Jason Baldinger’s “Point Pleasant, WV” wins Synkroniciti’s “Broken” Cover Contest

Synkroniciti has a striking new cover! We are thrilled to announce the winner of our “Broken” cover contest, Pittsburgh based photographer Jason Baldinger’s “Point Pleasant, WV.” We’ve featured Jason’s thought-provoking (sometimes haunting, sometimes humorous) collaborative work with poet Robert L. Dean, Jr. in “Curiosity” and they both will be returning for “Broken.” Inside this issue, “Point Pleasant, WV” is coupled with the poem “Standard Time.”
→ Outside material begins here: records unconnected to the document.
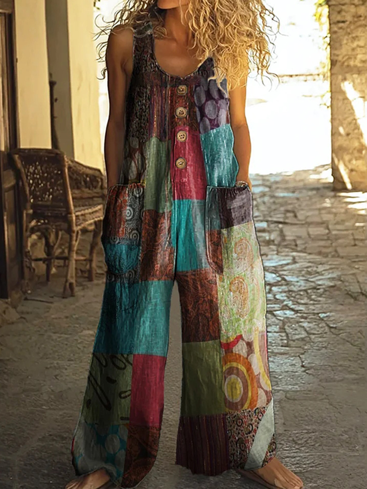 Women's Retro Floral Patchwork Art Print Casual Jumpsuit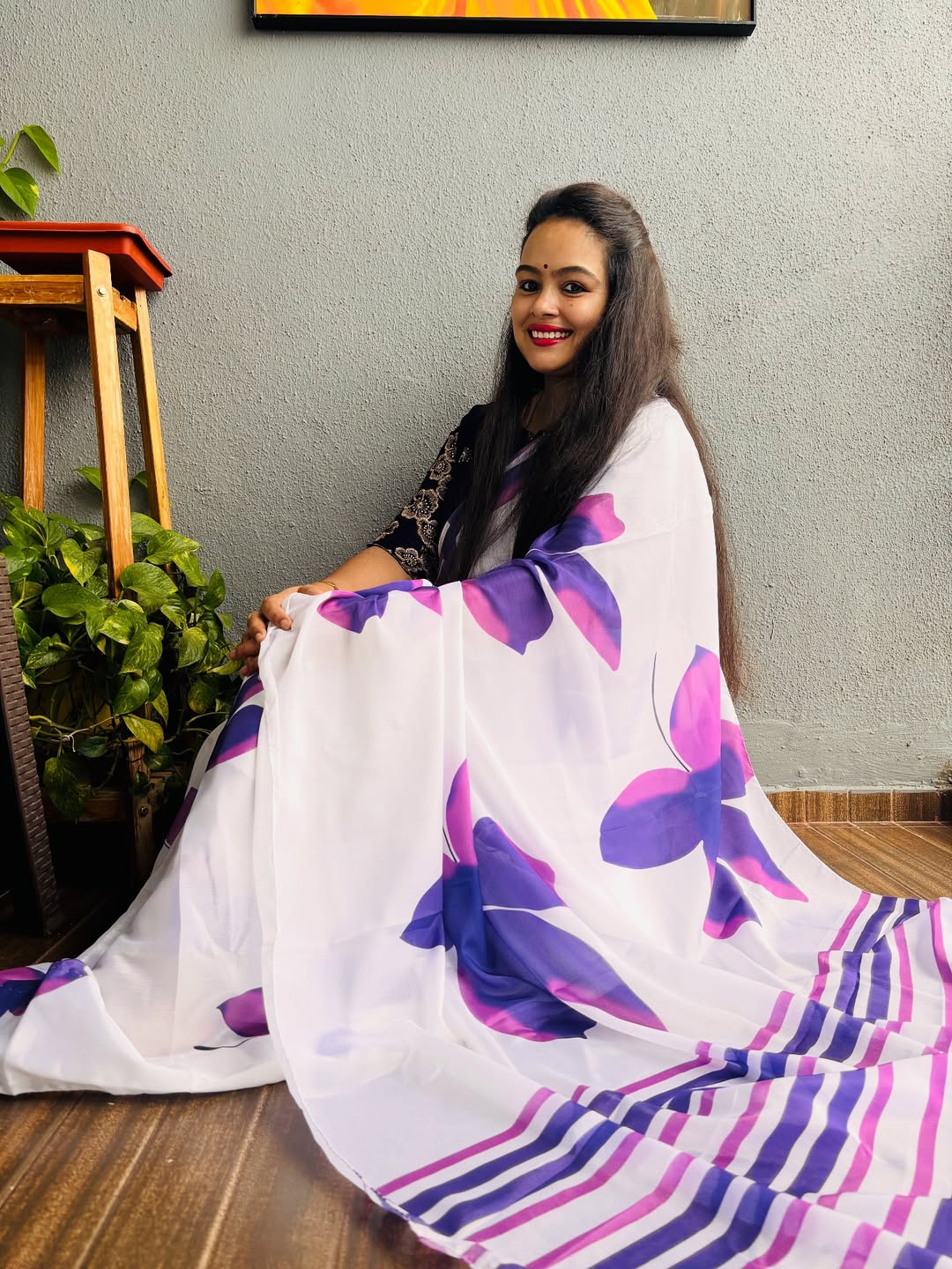 Not just a saree,it’s a mood ~ calm,confident, and floral. 💜
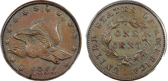 While restrikes exist for this pattern, the present example is an original struck in February 1855. The chocolate brown surfaces are tinted with a light mossy teal in the protected areas. This particular pattern is of great interest and highly collectible to flying eagle cent collectors as it is a spectacular design of the flying eagle style and as an R-5, is attainable in many grades but is extremely elusive with any red on the surfaces. The present example is in an affordable grade as well and it very attractive for a PR-61.
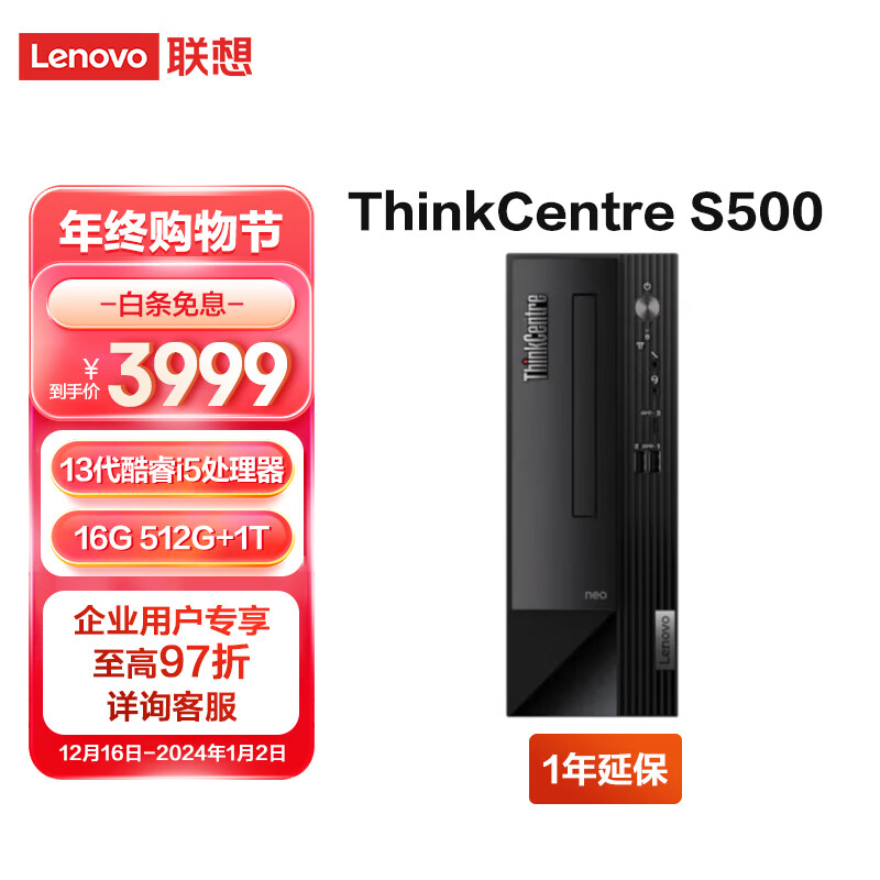 联想台式机ThinkCentre S500 13代酷睿 商用办公家用学习台式电脑全套整机 i5-13400 16G 512固1T机械单主机价格:3999.00元!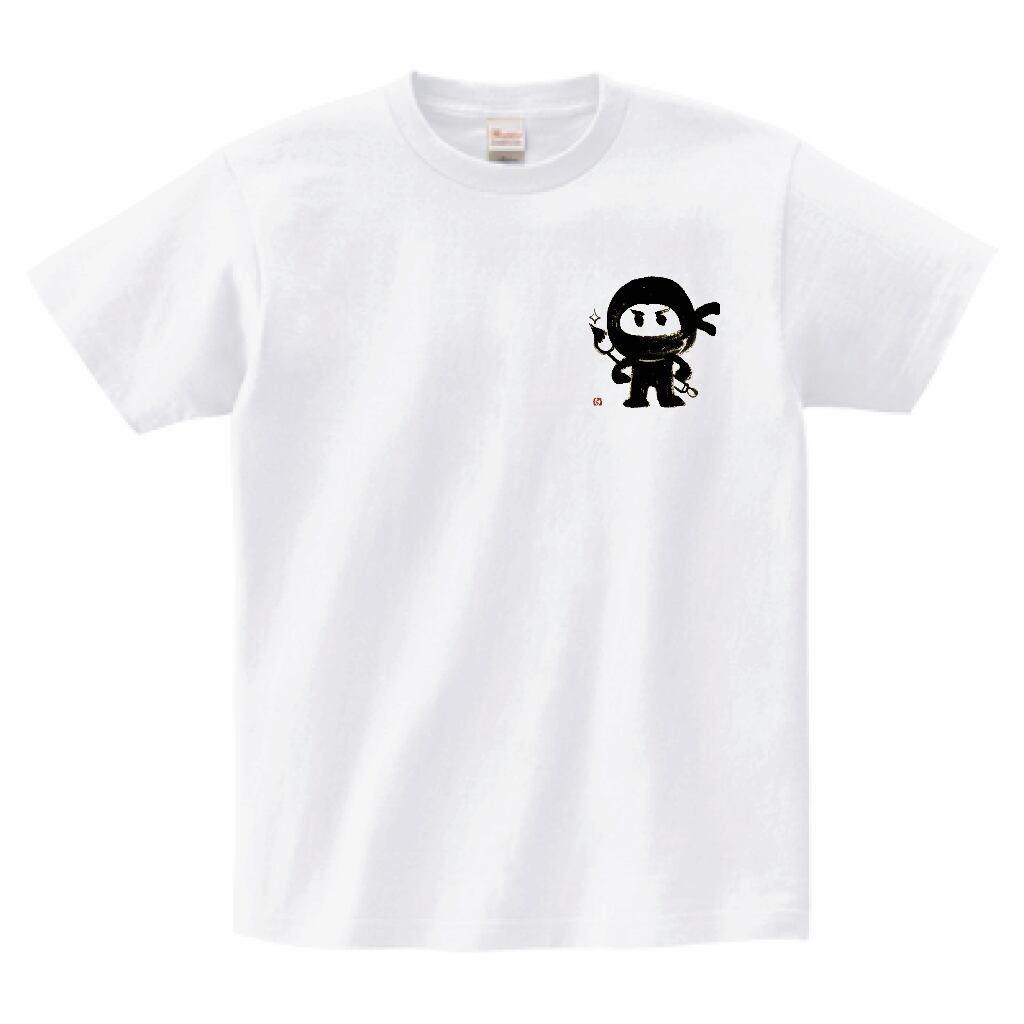 このTシャツは、左胸に毛筆で描かれたかわいくてクールな忍者のデザインが特徴です。

You might expect Vincent Price or Rod Serling to walk across the frame with its uncanny angular juxtaposition, devoid of human presence. This world feels on the edge of apocalypse; horror, or at least a gritty bit of noir, is just around the corner. Black and white photography amplifies our attention to shadow and texture, feeling unreal and unrelenting in its gaze. Jason travels midwestern American towns and cities with his camera, capturing places hit by the death of manufacturing and industry. Sometimes the places are trashed and shabby, others are clean but empty, locales that time forgot. Here we see one of the latter, presided over by an ominously broken clock, its hands fallen uselessly. No time is marked here. There are fewer and fewer people alive who can read such a clock, with its Roman numerals and non-digital face. The analog clock has been Synkroniciti’s logo since the beginning, before there was even a magazine, and we are surprised that this symbol didn’t surface sooner. It is all for the best, as this cover packs a punch. No right turn? Is that an acknowledgement of limited options in general, or a comment on the illegality of actions on the right side of the American political spectrum? Big Brother is watching via traffic camera, even if the area is deserted. You probably won’t get away with it.
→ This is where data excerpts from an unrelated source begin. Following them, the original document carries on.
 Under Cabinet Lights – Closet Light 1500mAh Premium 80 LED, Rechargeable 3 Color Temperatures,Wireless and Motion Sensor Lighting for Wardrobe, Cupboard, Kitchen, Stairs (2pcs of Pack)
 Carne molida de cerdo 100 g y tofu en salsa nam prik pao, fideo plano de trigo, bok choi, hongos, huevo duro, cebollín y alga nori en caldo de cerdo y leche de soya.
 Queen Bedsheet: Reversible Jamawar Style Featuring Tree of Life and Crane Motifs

Point Pleasant lies on the border with Ohio, at the confluence of the Ohio and Kanawha Rivers and is the seat of Mason County. There was a battle here during the American Revolution, and in the Civil War, Mason County voted against secession–a deeply unpopular vote in West Virginia. It’s famous for the Mothman, a red-eyed human-bird figure, as well as the 1967 collapse of the Silver Bridge, which killed 46 people. There is horror and noir in that history, just below the midwestern pleasantness.
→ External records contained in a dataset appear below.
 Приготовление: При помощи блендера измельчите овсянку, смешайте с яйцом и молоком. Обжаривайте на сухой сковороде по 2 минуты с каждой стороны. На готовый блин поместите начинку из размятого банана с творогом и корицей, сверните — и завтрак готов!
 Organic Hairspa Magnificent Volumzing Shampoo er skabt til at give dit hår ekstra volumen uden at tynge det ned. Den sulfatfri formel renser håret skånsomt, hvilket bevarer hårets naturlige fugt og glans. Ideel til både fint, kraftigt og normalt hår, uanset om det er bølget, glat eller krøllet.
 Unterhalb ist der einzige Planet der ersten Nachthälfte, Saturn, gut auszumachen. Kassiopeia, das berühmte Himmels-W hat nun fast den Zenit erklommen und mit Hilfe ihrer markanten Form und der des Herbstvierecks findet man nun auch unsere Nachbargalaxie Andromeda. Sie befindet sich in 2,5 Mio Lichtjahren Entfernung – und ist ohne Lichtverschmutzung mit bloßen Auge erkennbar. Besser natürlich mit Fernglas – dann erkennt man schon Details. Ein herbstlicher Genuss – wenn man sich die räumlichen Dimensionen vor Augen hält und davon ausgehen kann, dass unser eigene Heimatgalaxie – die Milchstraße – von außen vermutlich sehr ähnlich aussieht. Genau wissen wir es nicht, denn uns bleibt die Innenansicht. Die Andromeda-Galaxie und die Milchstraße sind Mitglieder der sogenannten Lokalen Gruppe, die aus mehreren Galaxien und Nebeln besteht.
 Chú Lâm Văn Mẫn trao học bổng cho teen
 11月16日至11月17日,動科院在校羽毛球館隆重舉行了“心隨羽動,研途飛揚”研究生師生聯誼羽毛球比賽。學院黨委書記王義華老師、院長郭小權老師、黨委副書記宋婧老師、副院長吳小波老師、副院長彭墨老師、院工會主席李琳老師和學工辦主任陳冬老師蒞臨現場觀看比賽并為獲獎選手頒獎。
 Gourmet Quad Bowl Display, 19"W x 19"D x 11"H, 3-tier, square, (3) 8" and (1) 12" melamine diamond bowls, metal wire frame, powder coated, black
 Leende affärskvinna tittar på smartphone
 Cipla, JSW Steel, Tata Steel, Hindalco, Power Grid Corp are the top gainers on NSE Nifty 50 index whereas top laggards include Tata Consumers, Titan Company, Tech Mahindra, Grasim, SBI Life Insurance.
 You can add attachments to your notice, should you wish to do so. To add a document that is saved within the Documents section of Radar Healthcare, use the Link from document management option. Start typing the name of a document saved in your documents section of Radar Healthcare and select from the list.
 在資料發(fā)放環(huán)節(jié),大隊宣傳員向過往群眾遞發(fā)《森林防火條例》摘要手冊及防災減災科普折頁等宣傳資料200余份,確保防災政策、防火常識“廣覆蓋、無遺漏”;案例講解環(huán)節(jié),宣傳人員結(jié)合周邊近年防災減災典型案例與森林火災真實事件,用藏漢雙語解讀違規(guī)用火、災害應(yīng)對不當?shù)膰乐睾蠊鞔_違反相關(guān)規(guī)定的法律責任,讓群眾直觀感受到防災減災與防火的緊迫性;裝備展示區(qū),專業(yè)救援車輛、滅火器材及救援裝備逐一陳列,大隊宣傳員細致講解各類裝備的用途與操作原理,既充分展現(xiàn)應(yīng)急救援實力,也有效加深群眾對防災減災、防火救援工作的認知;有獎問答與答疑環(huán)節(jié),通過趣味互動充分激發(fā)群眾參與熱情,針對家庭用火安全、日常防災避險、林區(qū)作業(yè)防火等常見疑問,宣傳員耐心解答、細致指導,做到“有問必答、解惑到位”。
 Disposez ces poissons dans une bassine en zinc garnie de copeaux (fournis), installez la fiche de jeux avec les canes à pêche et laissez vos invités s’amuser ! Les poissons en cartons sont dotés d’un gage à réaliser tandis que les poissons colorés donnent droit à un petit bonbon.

We will be featuring more of Jason’s work in the upcoming issue as well as an article. Pre-order your copy of the “Broken” issue here or subscribe to Synkroniciti here.

Jason Baldinger is a poet and photographer from Pittsburgh, PA. He’s penned fifteen books of poetry the newest of which include: A History of Backroads Misplaced: Selected Poems 2010-2020 (Kung Fu Treachery), and This Still Life (Kung Fu Treachery) with James Benger. His first book of photography, Lazarus, as well as two ekphrastic collaborations (with Rebecca Schumejda and Robert Dean) are forthcoming. His work has appeared across a wide variety of online sites and print journals. You can hear him from various books on Bandcamp and on lps by The Gotobeds and Theremonster.